As a fan of all root vegetables, I love to make my Roasted Root Vegetable Pot Pie on a cold winter night. When prepared properly, root vegetables are delicious — and good for you too!
In this recipe, roasting enhances the sweetness of the carrots, turnips and celery root. The caramelized root vegetables are then blended with a tangy Parmesan cheese sauce spiked with fresh herbs, and topped off with a layer of puff pastry. Beautiful to look at and satisfying to eat — what more could you ask for? Well, maybe a piece of our Sticky Ginger Cake (page 248 in my cookbook Fresh Tastes) with whipped cream, to finish off the meal.
Roasted Root Vegetable Pot Pie
- Yield: 8 servings 1x
- Category: main dish, comfort food
- 1/2 cup unsalted butter, divided
- 2 medium shallots, halved
- 2 teaspoons sugar
- 2 large carrots, peeled and cut into 1/2-inch square pieces
- 1 turnip, peeled and cut into 1/2– inch square pieces
- 1 celery root, peeled and cut into 1/2-inch square pieces
- Olive oil cooking spray
- 1/3 cup all-purpose flour
- 2 1/2 cups milk (whole, 2 percent or skim)

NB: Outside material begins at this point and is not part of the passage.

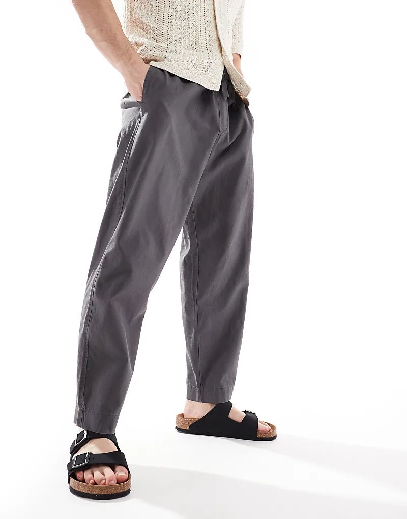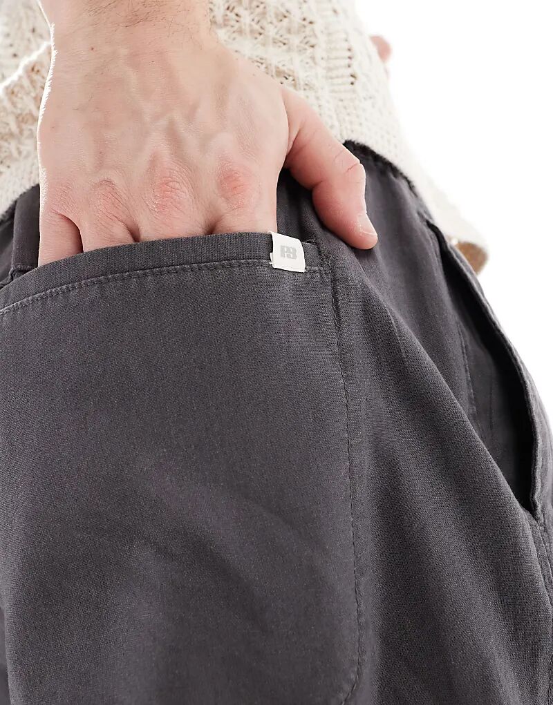 Брюки-джоггеры Pull&Bear из льняной смеси антрацитово-серого цвета

- 2/3 to 1 cup (3 to 4 ounces) grated Parmesan cheese
- 2 teaspoons fresh thyme leaves
- 1/3 cup chopped fresh Italian parsley
- Salt, to taste
- Freshly ground black pepper, to taste
- 1 large egg, lightly beaten
- 1 sheet frozen puff pastry, thawed
- Preheat oven to 400 degrees.
- In a large skillet, melt 1/4 cup butter over medium-low heat. Add shallots, cover and cook, stirring occasionally for 15 to 20 minutes or until tender. Increase heat to medium; add sugar and continue cooking, stirring, for 6 to 8 minutes or until caramel-colored. Watch carefully so they don’t burn. Place in a large deep-dish pie pan. Set aside.

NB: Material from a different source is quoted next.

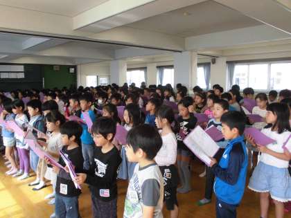 四年生は「THE 祭 2016」というテーマで群読をします。みんなが一斉に声を出す場面,グループごとに掛け合いをする場面など,色々なパターンがあり,それぞれのグループの声が上手く重なり合うように練習しています。

- While the shallots are cooking, place the carrots, turnip and celery root in a shallow roasting pan and spray with olive oil; toss. Roast, stirring occasionally, for 30 to 35 minutes or until tender when pierced with a fork. Add to the pie dish with the shallots.
- In a medium saucepan, melt the remaining 4 tablespoons butter over low heat. Whisk in flour and continue cooking for 3 minutes. Gradually whisk in milk. Bring to a slow boil over medium heat, stirring constantly; cook for 6 to 8 minutes or until thickened. Add Parmesan cheese, stirring until melted. Stir in thyme and parsley; season to taste with salt and pepper. Pour into the pie dish and stir well.

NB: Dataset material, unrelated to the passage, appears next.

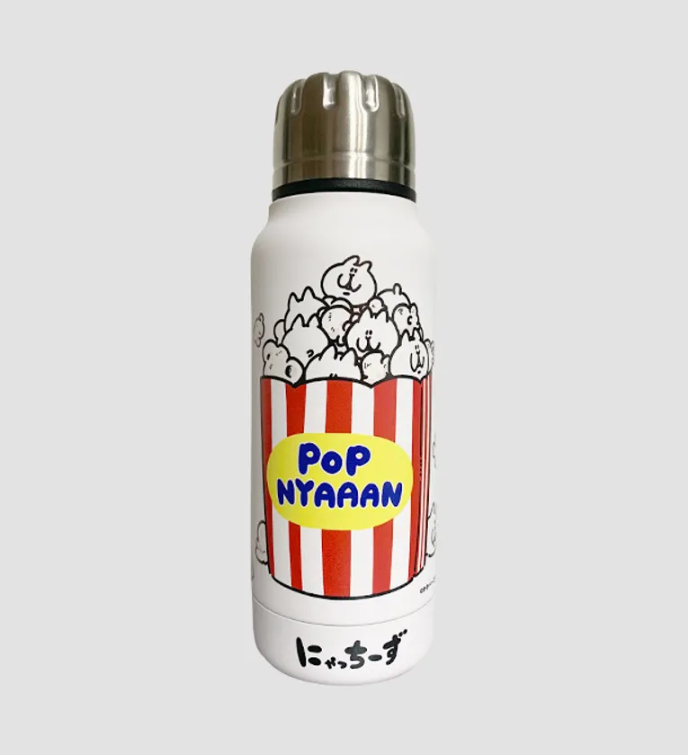今回のボトルデザインは、小さいこねこ達が、ポップコーンに紛れて遊んでいる、ユーモアいっぱいのデザインです。ポップな色でいつもの日常にちょこっとした元気を!のメッセージが込められています。

- Brush the edges of the pie dish with beaten egg. Cover with the pastry, trimming excess (using scraps to decorate the top, if desired). Push down on the edges to adhere to the pan. Brush top of pastry with egg and cut a slit or two in the center to allow steam to escape. Place on a baking sheet and bake for 25 to 30 minutes or until pastry is golden brown. Cover edges if they start to burn. Remove from oven and cool 5 minutes before serving.
MAKE AHEAD: Pot pie can be assembled (but not baked) earlier in the day, covered and refrigerated. Bring to room temperature before baking.
VARIATION: Add 1 to 1 1/4 cups chopped ham (preferably country ham). Stir in with the thyme and parsley.